* [Prompt]: Please give back each line below unchanged; none of the pictures should appear.
START Available data
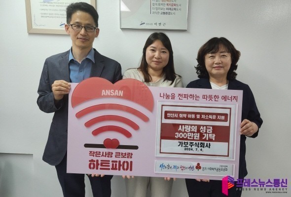 [프레스뉴스] 장현준 기자= 안산시(시장 이민근)는 지난 4일 가보주식회사(대표 오승원)로부터 관내 저소득 가정에 사용해 달라며 사랑의 후원금 300만 원을 기탁받았다고 5일 밝혔다.
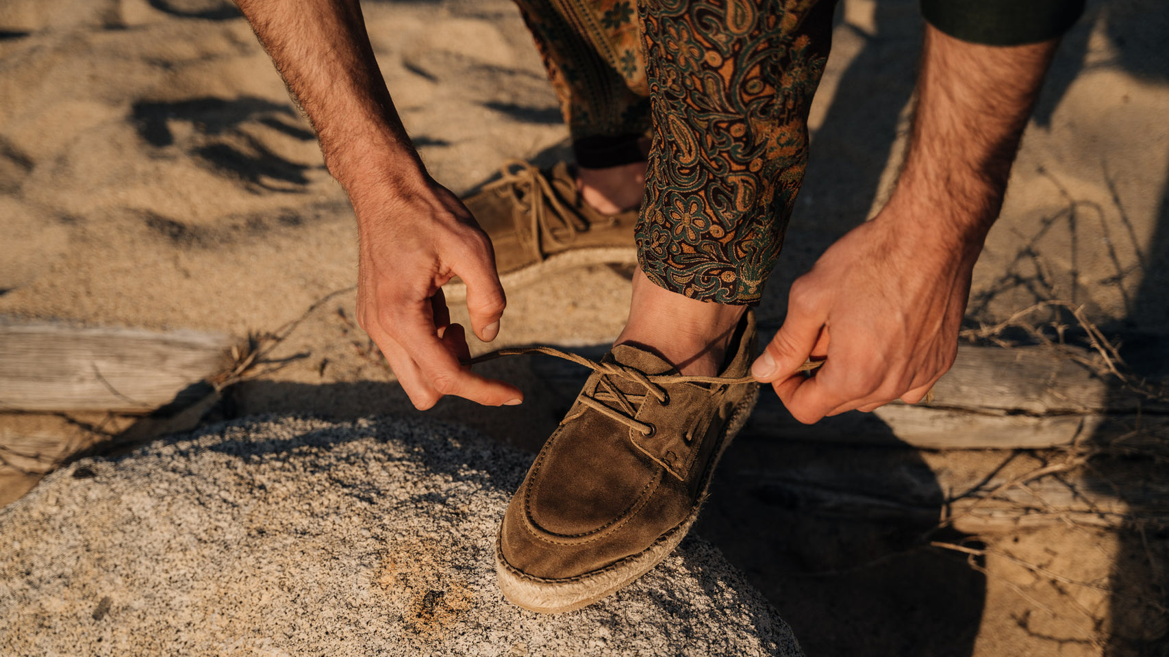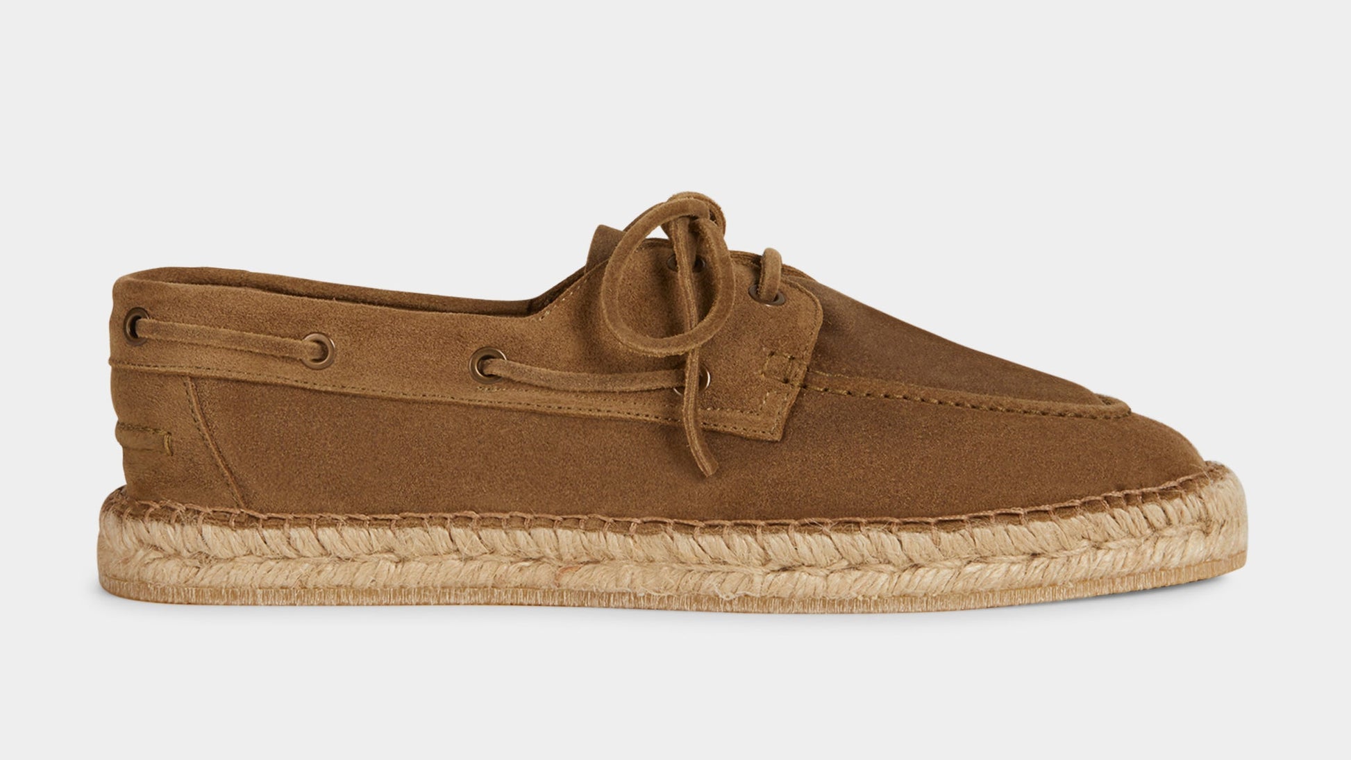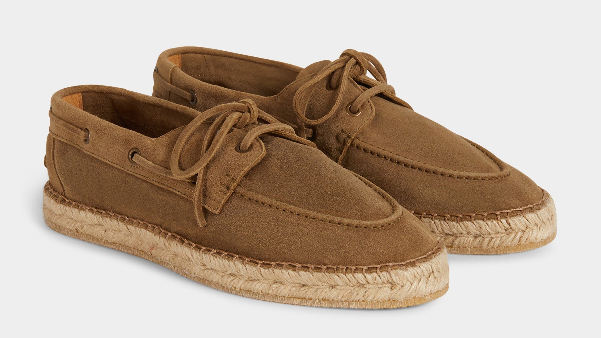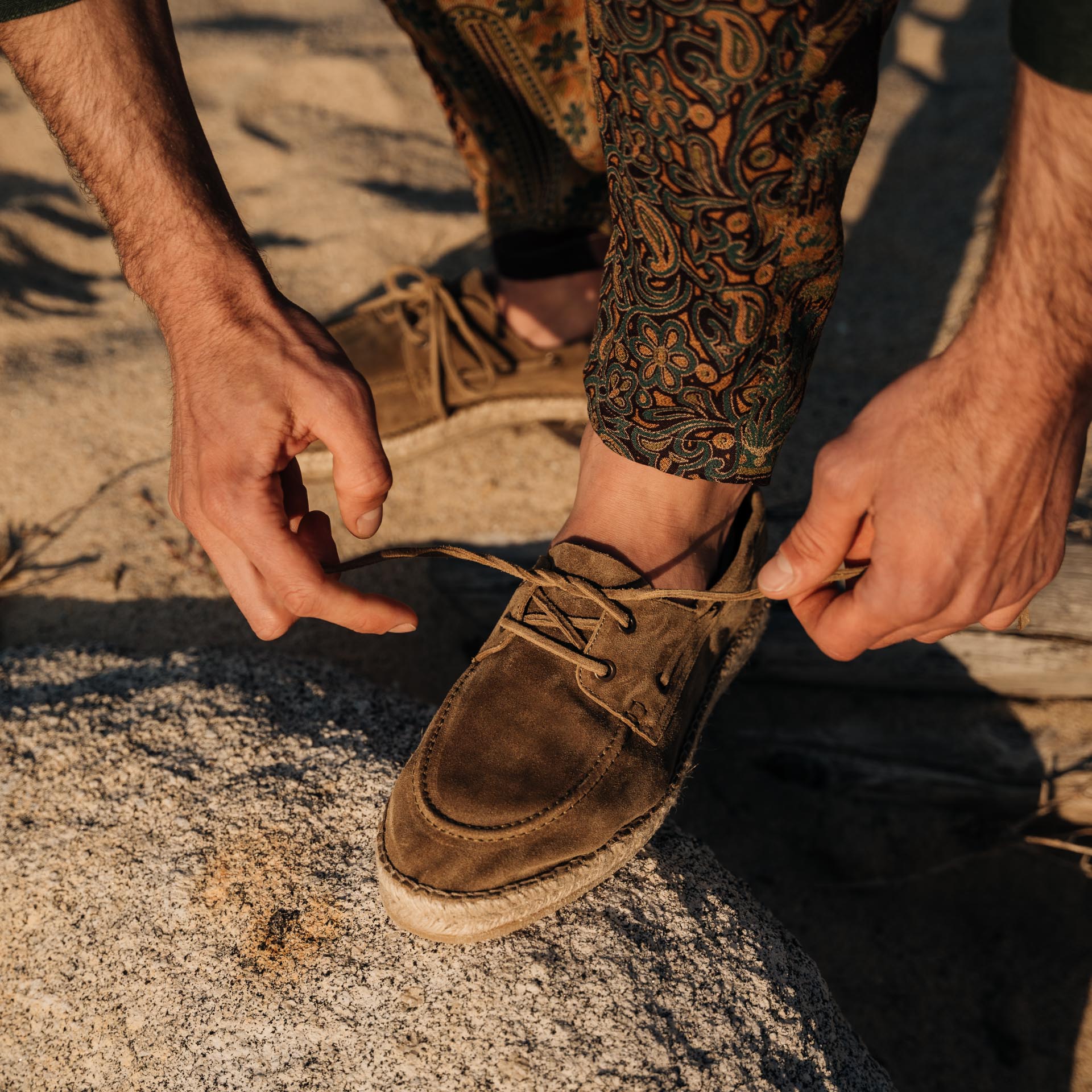 Our espadrilles inspired by the sailing tradition, in suede calfskin. The leather upper is joined to the sole with a hand-stitched seam. Here it meets hand-woven rope and rubber. With a linen safari jacket, a grey melange T-shirt and a pair of soft patterned trousers, it's down to the beach.
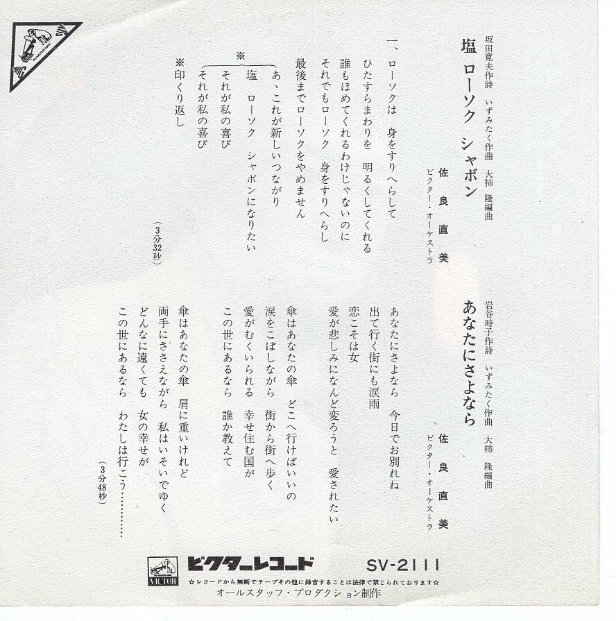 タイトル:塩ローソクシャボン / あなたにさよなら
END Available data
* [Solution below]:
 [프레스뉴스] 장현준 기자= 안산시(시장 이민근)는 지난 4일 가보주식회사(대표 오승원)로부터 관내 저소득 가정에 사용해 달라며 사랑의 후원금 300만 원을 기탁받았다고 5일 밝혔다.
 Our espadrilles inspired by the sailing tradition, in suede calfskin. The leather upper is joined to the sole with a hand-stitched seam. Here it meets hand-woven rope and rubber. With a linen safari jacket, a grey melange T-shirt and a pair of soft patterned trousers, it's down to the beach.
 タイトル:塩ローソクシャボン / あなたにさよなら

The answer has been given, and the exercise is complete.